After Chs 5 and 6 (see the reading club post here), we get a capstone quiz that covers ownership along with struts and enums.

So, lets do the quiz together! If you’ve done it already, revisiting might still be very instructive! I certainly thought these questions were useful “revision”.

I’ll post a comment for each question with the answer, along with my own personal notes (and quotes from The Book if helpful), behind spoiler tags.

Feel free to try to answer in a comment before checking (if you dare). But the main point is to understand the point the question is making, so share any confusions/difficulties too, and of course any corrections of my comments/notes!.

  • maegul@lemmy.mlOPMEnglish
    1·
    6 days ago

    Q1

    /// Makes a string to separate lines of text, 
/// returning a default if the provided string is blank
fn make_separator(user_str: &str) -> &str {
    if user_str == "" {
        let default = "=".repeat(10);
        &default
    } else {
        user_str
    }
}

    When compiling, what’s the best description of the compiler error?

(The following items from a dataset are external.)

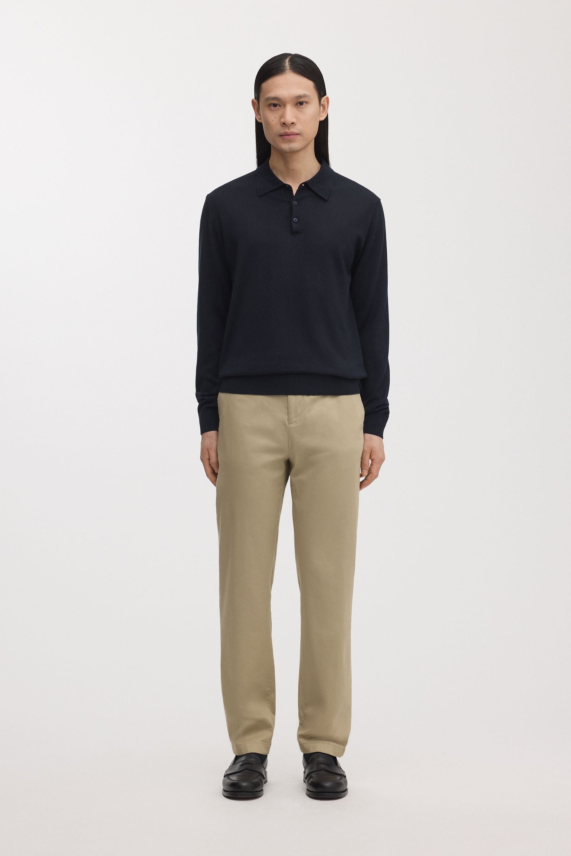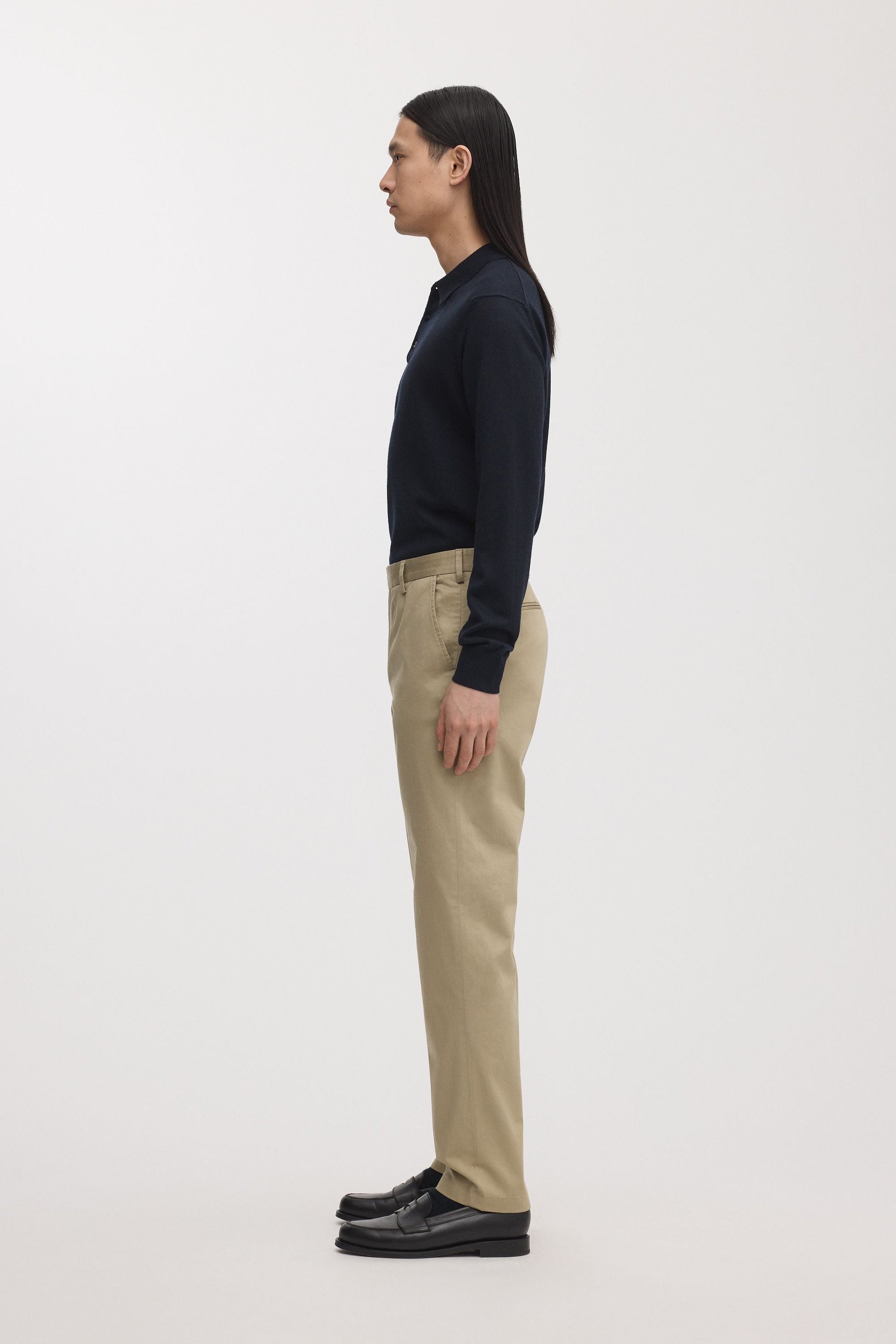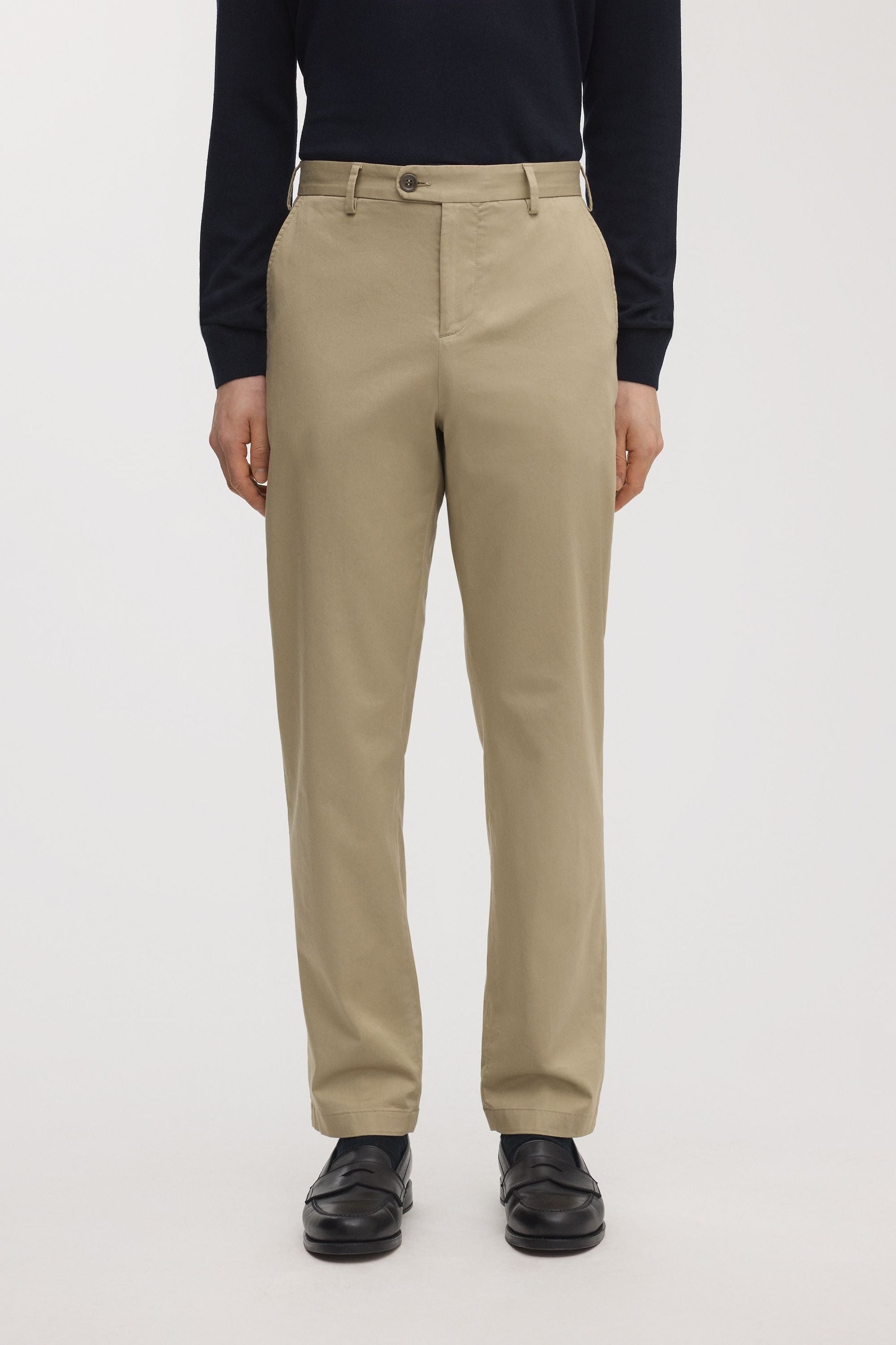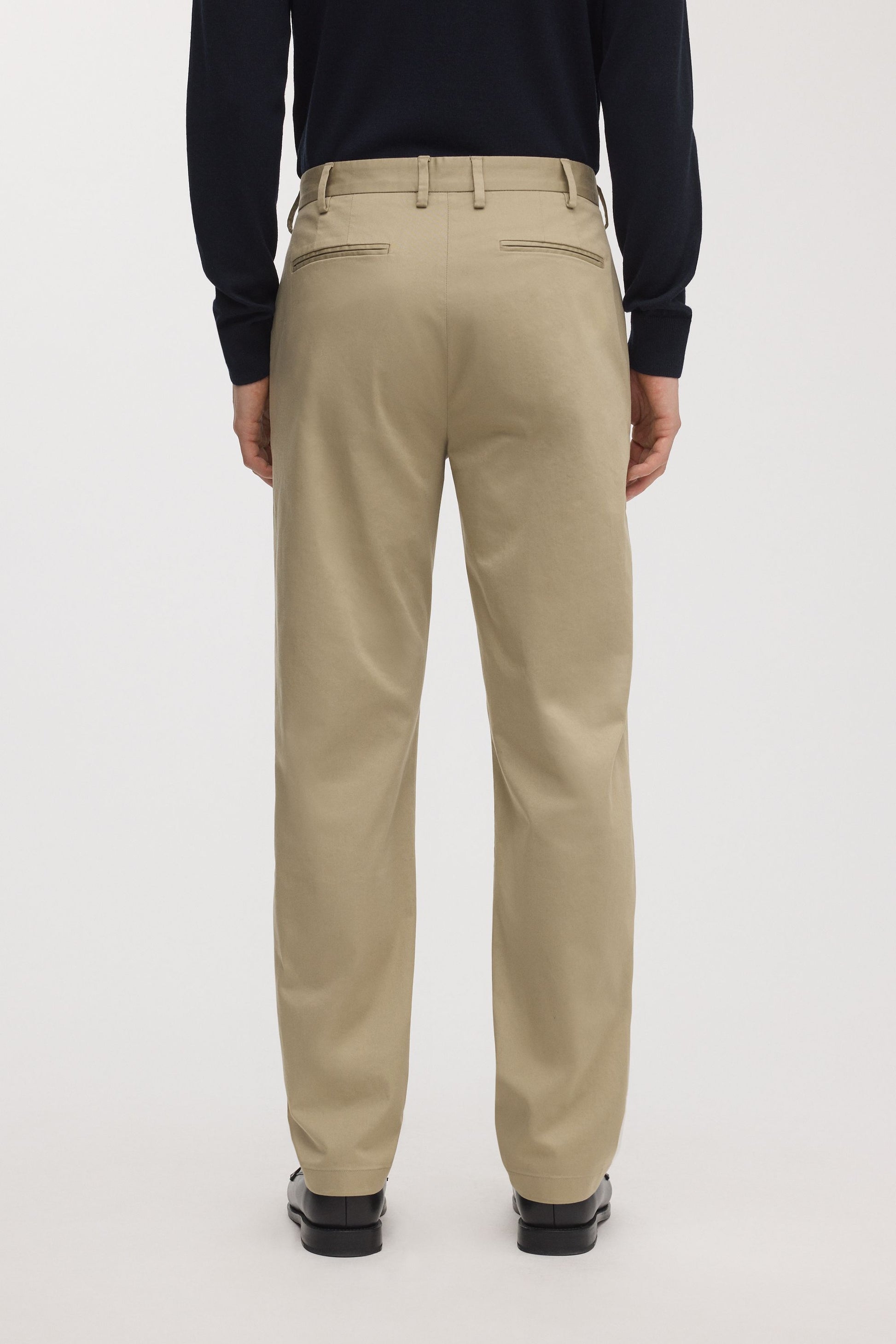 Mid-rise regular chinos made from 98% organic cotton and 2% elastane sateen with tailored details and a straight leg. Cut and sewn in Portugal.
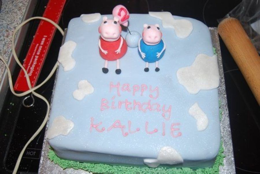 My 3rd cake for my Nieces 2nd Birthday. First time using 50/50 combo for the figures and boy did it make a great difference! Just need to figure out the balloons!! The characters are called Peppa & George from a UK TV Show called Peppa Pig, I forgot to add the smiley mouth which I remembered last minute and added which made them look tons better, I just didnt get a pic!
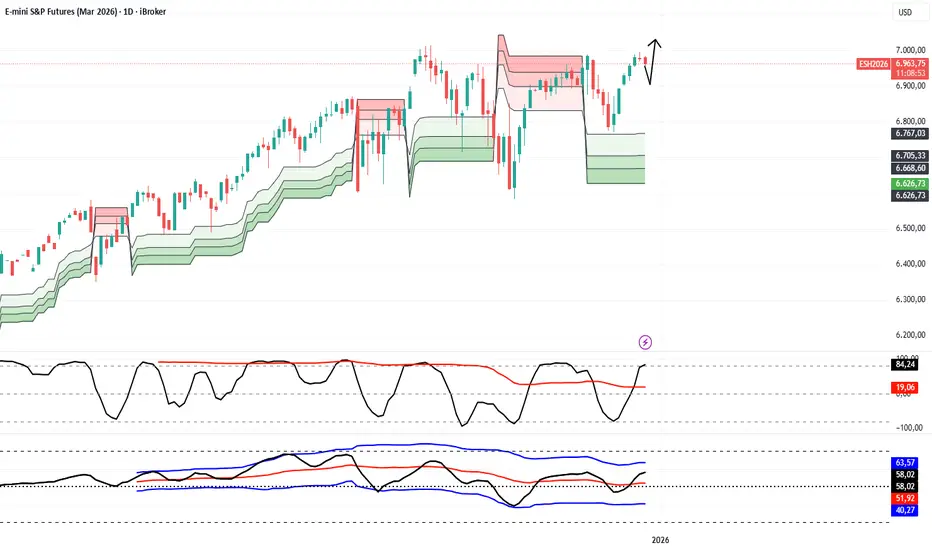 Anche a livello intraday gli indicatori mostrano una tendenza correttiva verso area 6900 dove troviamo supporti statici che potrebbero poi respingere i prezzi nuovamente verso l'alto come evidenziato nel grafico che segue.

    1. user_str does not live long enough
    2. function make_separator cannot return two different references
    3. function make_separator cannot return a reference of type &str
    4. cannot return reference to local variable default
    Answer

    Cannot return reference to a local variable

    • &default isn’t allowed as default is local to the function.
      • What’s the fix? Copy? Just return "=".repeat(10) directly?
      • How about just return an owned String (requires converting user_str to a String with to_string())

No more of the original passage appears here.